|"St. Francis weds Lady Poverty" - allegory by Giotto|
It was about six or so years ago that I realized that I was snowed under by way too much stuff. Too many choices, too many pieces of clothing, too much makeup (why does anybody need 12 tubes of lipstick?), too many dishes, ornaments, too much furniture, a house too big for our needs, too many things, things, things!!! It had all coalesced into a huge albatross that flapped and squawked about our necks and caused terrific head and backaches.
Accordingly, I (make that we) made a private vow of poverty - to live with a minimum of possessions, and to endeavor to live even without those if called upon to give them.
During these six years I have had to purge at least a dozen times. No matter what I give away out the front door, something sneaks in the back door and takes up residence. Either that or stuff reproduces when I am not looking...
Maybe it's like keeping gerbils or something.
Anyway - practicing poverty requires a certain level of ruthlessness in this society. The siren song of "more" is ever before our faces and we have to determinedly look away.
I went to a seminar on voluntary poverty at our parish a few years ago and was both gratified and astounded. Gratified because it was very well attended.
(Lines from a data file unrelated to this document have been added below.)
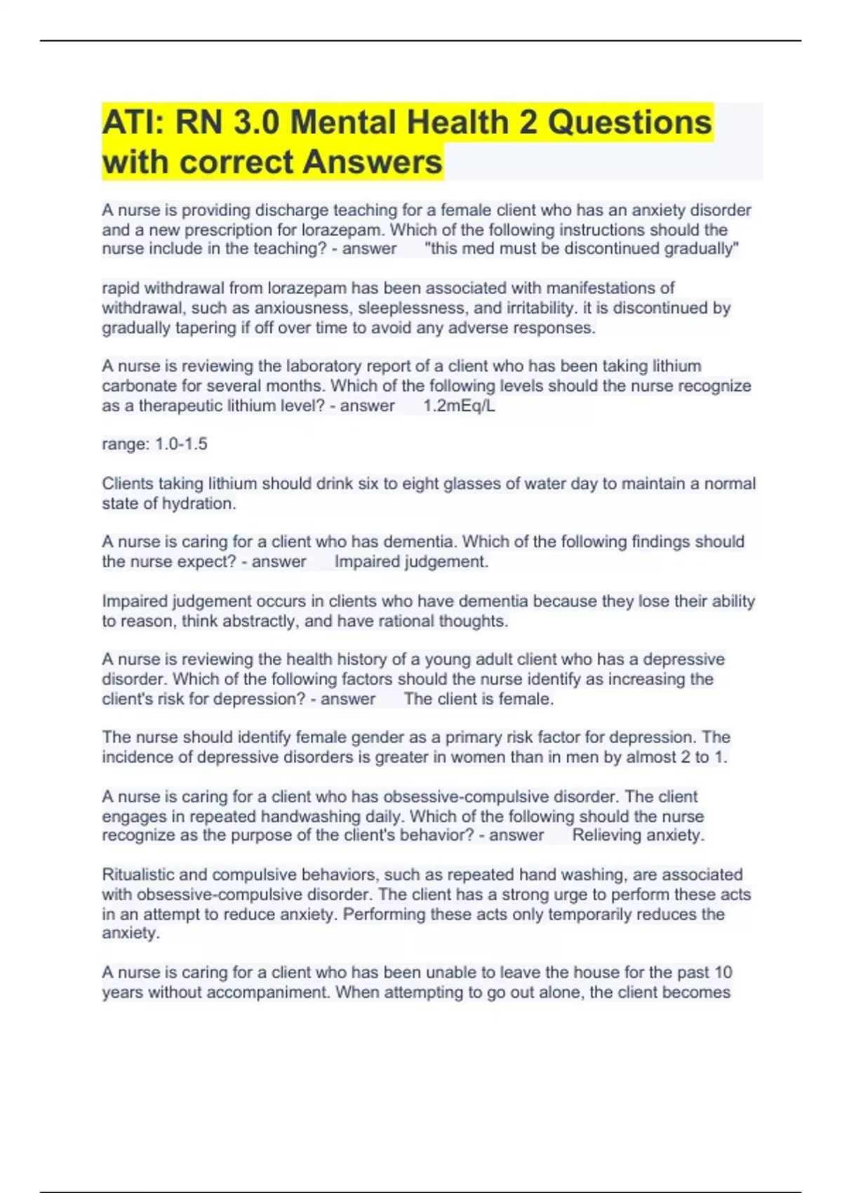 ATI: RN 3.0 Mental Health 2 Questions with correct Answers A nurse is providing discharge teaching for a female client who has an anxiety disorder and a new prescription for lorazepam. Which of the following instructions should the nurse include in the teaching? "this med must be discontinued gradually" rapid withdrawal from lorazepam has been associated with manifestations of withdrawal, such as anxiousness, sleeplessness, and irritability. it is discontinued by gradually tapering if off over time to avoid any adverse responses. A nurse is reviewing the laboratory report of a client who has been taking lithium carbonate for several months. Which of the following levels should the nurse recognize as a therapeutic lithium level? 1.2mEq/L range: 1.0-1.5 Clients taking lithium should drink six to eight glasses of water day to maintain a normal state of hydration. A nurse is caring for a client who has dementia. Which of the following findings should the nurse expect? Impaired judgement. Impaired judgement occurs in clients who have dementia because they lose their ability to reason, think abstractly, and have rational thoughts. A nurse is reviewing the health history of a young adult client who has a depressive disorder. Which of the following factors should the nurse identify as increasing the client's risk for depression? The client is female. The nurse should identify female gender as a primary risk factor for depression. The incidence of depressive disorders is greater in women than in men by almost 2 to 1. A nurse is caring for a client who has obsessive-compulsive disorder. The client engages in repeated handwashing daily. Which of the following should the nurse recognize as the purpose of the client's behavior? Relieving anxiety. Ritualistic and compulsive behaviors, such as repeated hand washing, are associated with obsessive-compulsive disorder. The client has a strong urge to perform these acts in an attempt to reduce anxiety. Performing these acts only temporarily reduces the anxiety. A nurse is caring for a client who has been unable to leave the house for the past 10 years without accompaniment. When attempting to go out alone, the client becomes very anxious and must quickly return inside. The nurse should identify that the client is exhibiting which of the following disorders? Agoraphobia Fear and avoidance of places where escape might be difficult A nurse is caring for a client who has posttraumatic stress disorder (PTSD). Which of the following actions by the client indicates the current treatment plan is effective? the clients report techniques she uses to promote sleep A nurse is caring for a client who has panic disorder and is experiencing anxiety at the panic level. Which of the following actions should the nurse take first? Instruct the client to take slow, deep breaths. Apply the safety and risk reduction priority-setting framework. A nurse is providing teaching to a client who has obsessive-compulsive disorder and performs hand hygiene to decrease anxiety. Which of the following actions by the nurse implements modeling as a behavioral intervention strategy? demonstrating performance of hand hygiene as designated times. this action is an example of modeling, which is a behavioral intervention strategy that allows the client ot see the expected behaviors performed by the nurse. A nurse in a mental health clinic is assessing a client who has a history of mania. Which of the following findings indicates that the client is experiencing a relapse? Pressured speech This is an indication of relapse in a client who has mania. A nurse is planning to administer a dose of lithium carbonate to a client who has bipolar disorder. The laboratory report indicates that the client's current lithium level is 1.0 mEq/L. Which of the following actions should the nurse take? administer the med because it is within ranges A nurse is assessing< a client who has a psychotic disorder and a new prescription for haloperidol. The client is pacing in the hallway and states, "I can't seem to sit still." Which of the following extrapyramidal side effects is the client likely experiencing? Akathisia. Akathisia is an extrapyramidal adverse effect characterized by the client's report of sense of inner restlessness and by observable behaviors such as pacing, rocking forward and backward in a chair, and constant foot tapping. A nurse is planning a menu for a client who has bipolar disorder and is experiencing an acute manic episode. Which of the following meals should the nurse provide for this client? chicken nuggets, crackers, a cookie, cheese sticks provide him with high-calorie finger foods that can be carried and are relatively easy to manipulate. A nurse is providing teaching to a client who has schizophrenia and is taking quetiapine The nurse should instruct the client that which of the following blood tests should be performed periodically? glucose at risk for abnormal glucose metabolism, can result diabetes mellitus. A nurse is assessing a client who has schizophrenia. The client states, "I need to get my gummamoshu from by my house." The nurse recognizes this statement as an example of which of the following? Neologism. The nurse should recognize the client's response as a neologism, an invented word which has no meaning to those around him. A nurse on an inpatient unit is assessing a client who has claustrophobia. The nurse determines the client's condition has improved when he can perform which of following tasks? ride in an elevator A nurse is caring for a client who is taking a tricyclic antidepressant. Which of the following adverse effects should the nurse report to the client's provider immediately? Urinary retention. Urinary retention can lead to bladder infection and, ultimately, loss of bladder tone. The nurse should apply the safety and risk reduction priority-setting framework. An emergency room nurse is assessing a client who has an anxiety disorder. The client is flushed, perspir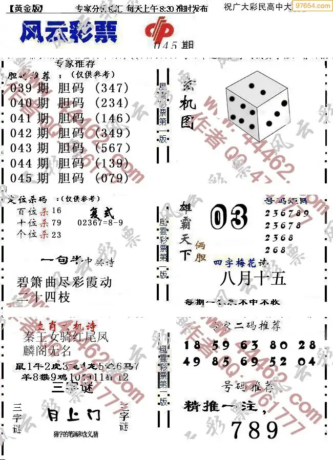 (8)26年044期今日3d各类彩报汇总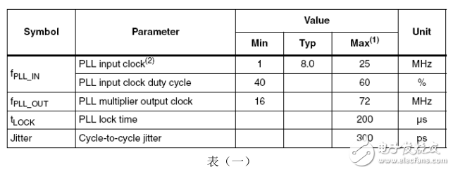 從 STM32F103VD 的數(shù)據(jù)手冊(cè)中查找 PLL 相關(guān)的參數(shù)如表(一):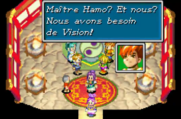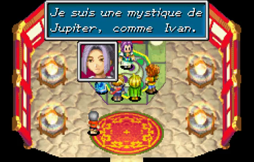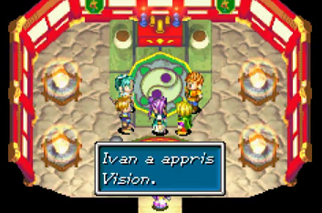 Et lorsque Maître Hamo parle d'une élève à qui elle n'a pas réussi à apprendre une psynergie, Feizhi arrive et affirme le contraire. Le transfert de pouvoir ayant réussi, elles s'apprêtent à partir aider Hsu coincé dans le passage Alpin, mais Garet l'interpelle. Maître Hamo apprends Vision à Ivan. Cette psynergie permet de révéler les zones voilées (généralement distinguées par des cercles de pierre). Dès que vous le pouvez, examinez la jarre à gauche de l'autel pour trouver 8 pièces d'or, puis allez de l'autre côté du ruisseau sur la droite et utilisez Vision pour récupérer une Eau de Jouvence. Vous partez alors vers le passage Alpin.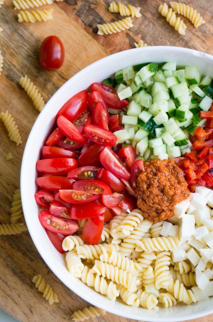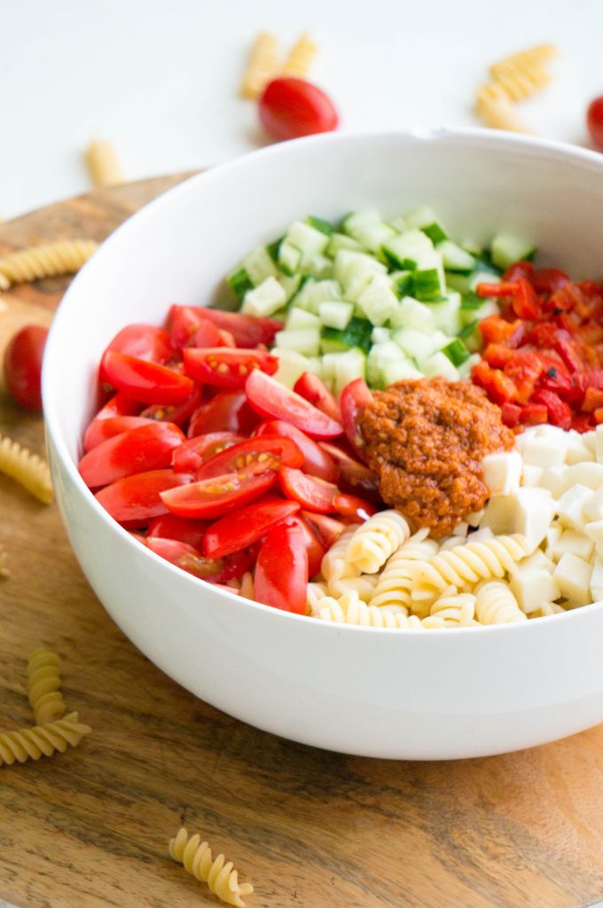 In de zomer eten wij graag salades, maar hoe maak je nou een salade die jouw kinderen ook eten? Mijn Snelle Rode Pesto Pastasalade is altijd een succes! Logan en Parker houden sowieso van pasta en door het gebruik van rode pesto creëer ik meer het idee van rode pastasaus. Door de pasta gaan allemaal ingrediënten die mijn kids zo uit het vuistje eten. So what is not to love. Een snelle salade, die perfect is als maaltijd of natuurlijk mee kan voor een picknick lunch.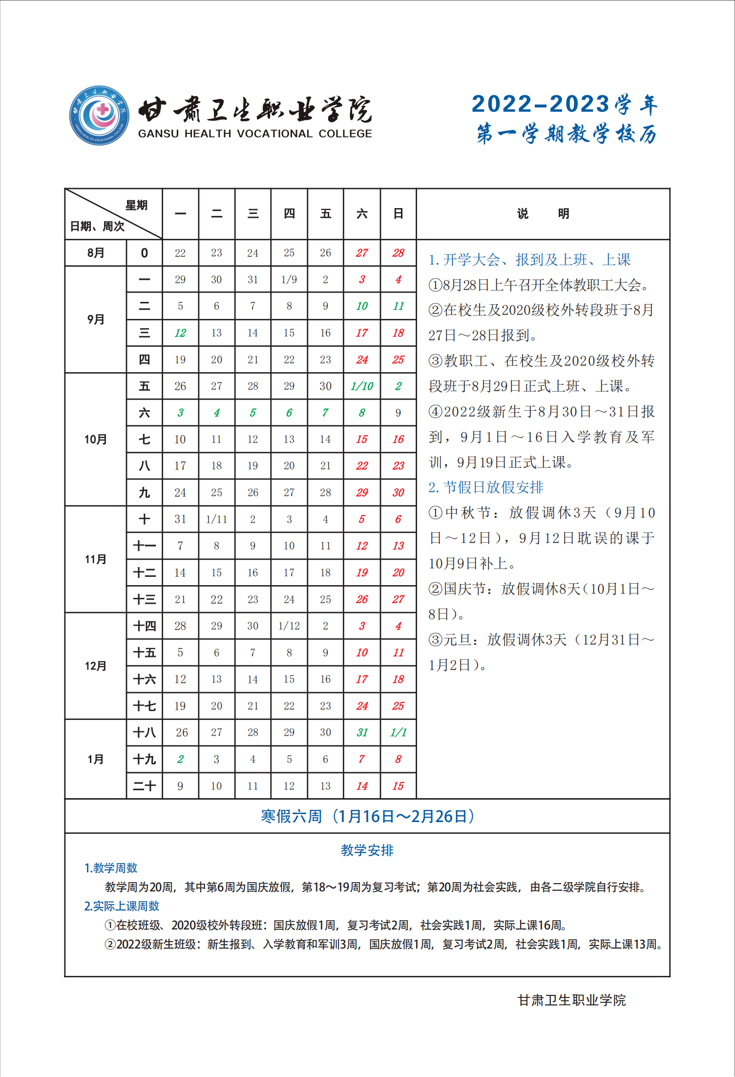 甘肅衛(wèi)生職業(yè)學(xué)院2022-2023學(xué)年第一學(xué)期教學(xué)校歷發(fā)布時(shí)間:2022-07-20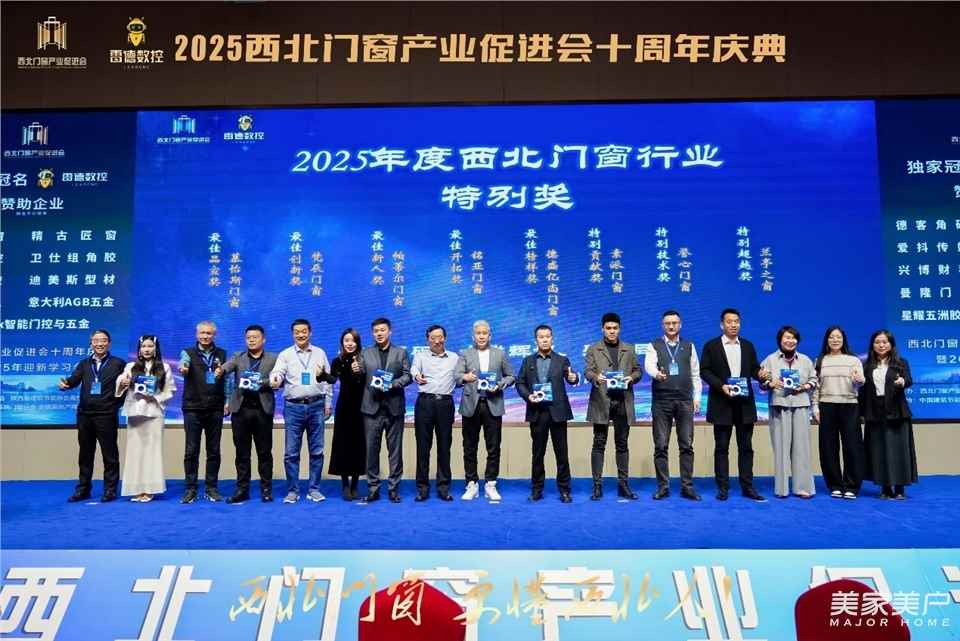 随后,孟繁军副会长、邓小鸥主任、刘军副总工、胡宝升主任、王盛坤副总工、高文红副会长和姚丽春秘书长受邀上台为2025西北门窗行业优秀者颁发特别奖。刘副总工和邓主任为首届西北门窗实景安装大赛和第二届性能实测大赛优胜者颁发了奖杯。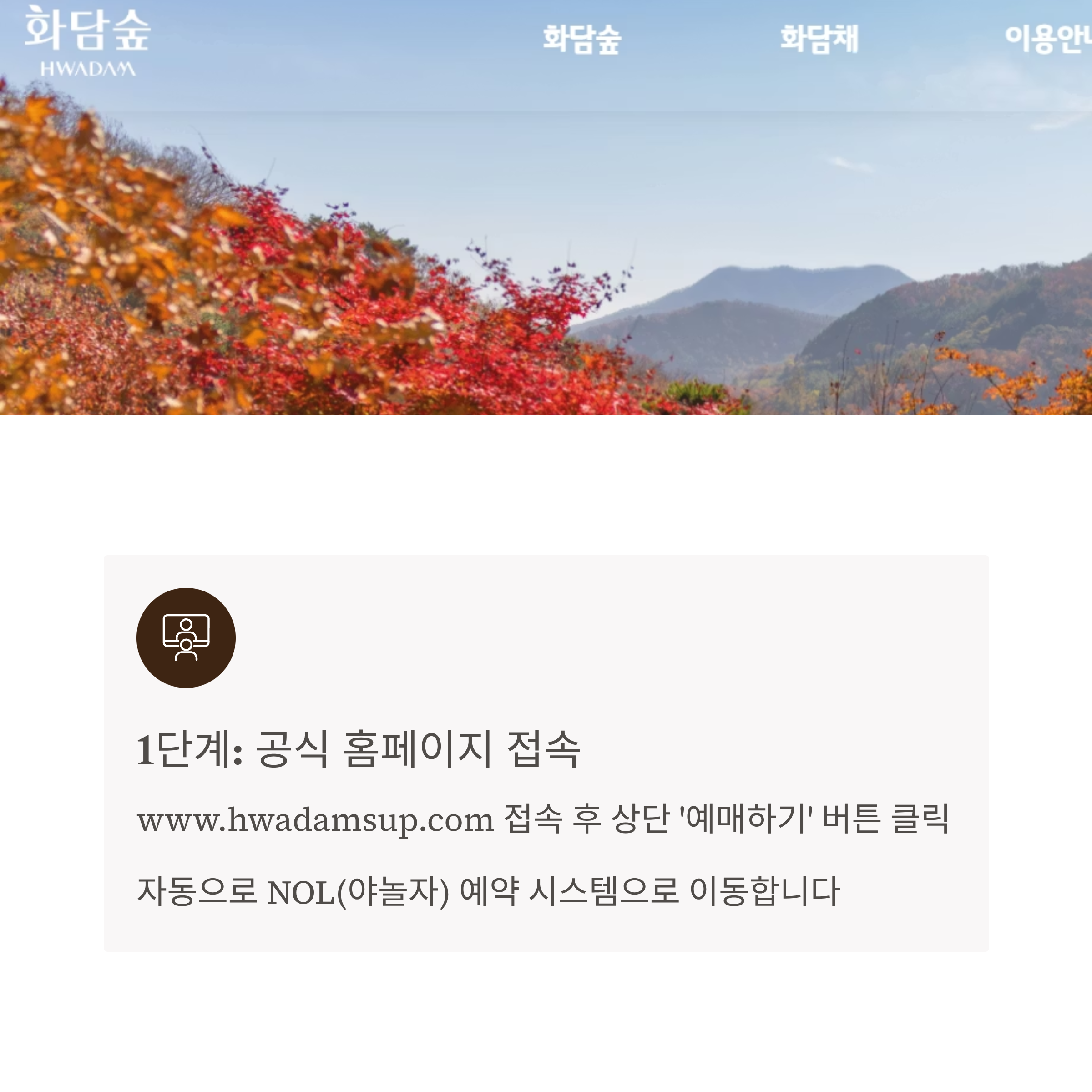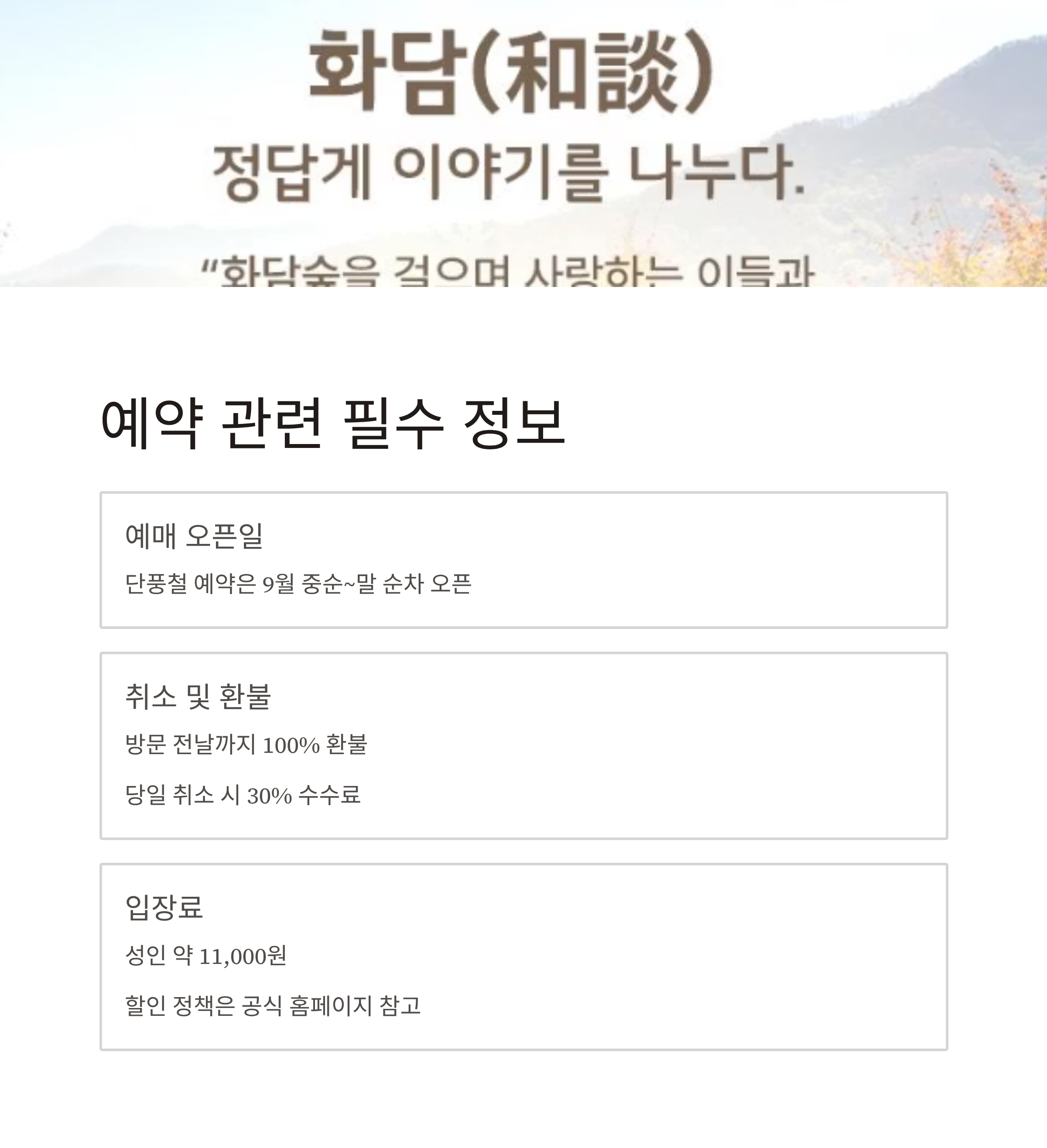 - 특히 단풍철(10월~11월 초) 주말 예약은 오픈 후 1시간 내 마감되는 경우도 많습니다.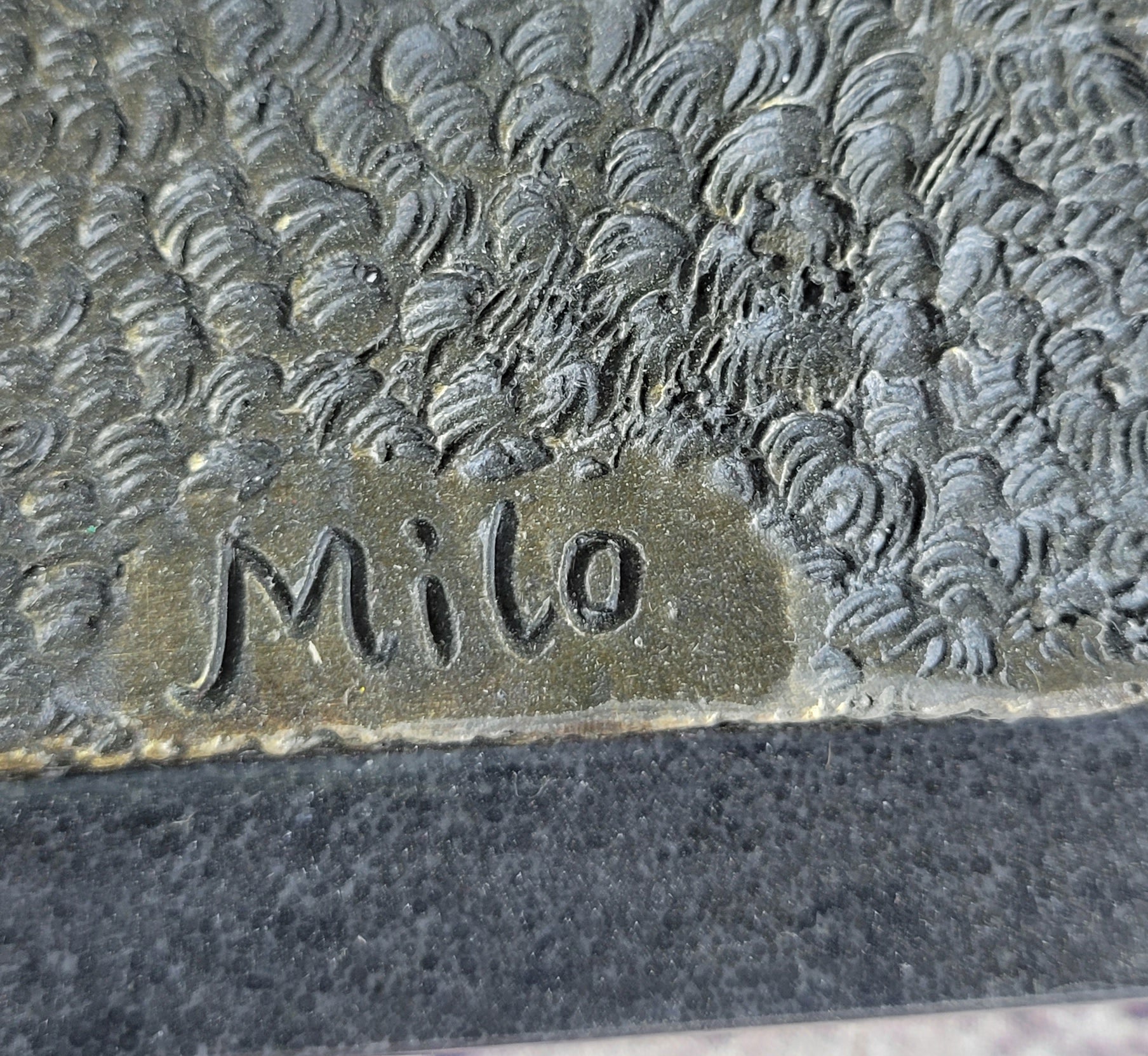 The bronze sculpture stands proudly on a sleek black marble base, adding a touch of elegance and stability to the piece. A rich brown patina brings depth and character to the artwork, enhancing the texture and contours of the sculpture. This limited-edition masterpiece is signed by the renowned artist Milo, ensuring its authenticity and value as a collector's item.

Astounded because of the attendees most of them were very well-off and they spent a great portion of the seminar justifying their goods and chattels, and saying that there was nothing wrong with being rich, but that one must be careful that they didn't start thinking they were better than others because of it, and similar statements. It was surreal.
I think they wanted to be blessed for their wealth. Of course, then I had to chastise myself for being so (%&# judgmental. It is true that real poverty of spirit incorporates charity of thought!
I need to be so very careful of my thoughts and judgements. For instance - I often see those who I know have a lot of money and who spend a great deal on their pleasure and possessions, their wants and whims, put a dollar in the collection basket. (I get roped into taking up collection a lot of the time. Is this to keep me challenged?) At the time I so want to turn them upside down and shake them until they fork over a substantial amount! Then I have to figuratively smack myself upside the head to remind me to have some charity. I don't know their thoughts, and I don't know their struggles and I've been there myself so how dare I entertain these prejudicial thoughts about them?
Humility is a bear.
Charitable thoughts are a bear.
Poverty is great - just a bear to attain voluntarily.
So many bears, so little strength. May God's grace shine on me and keep me grateful!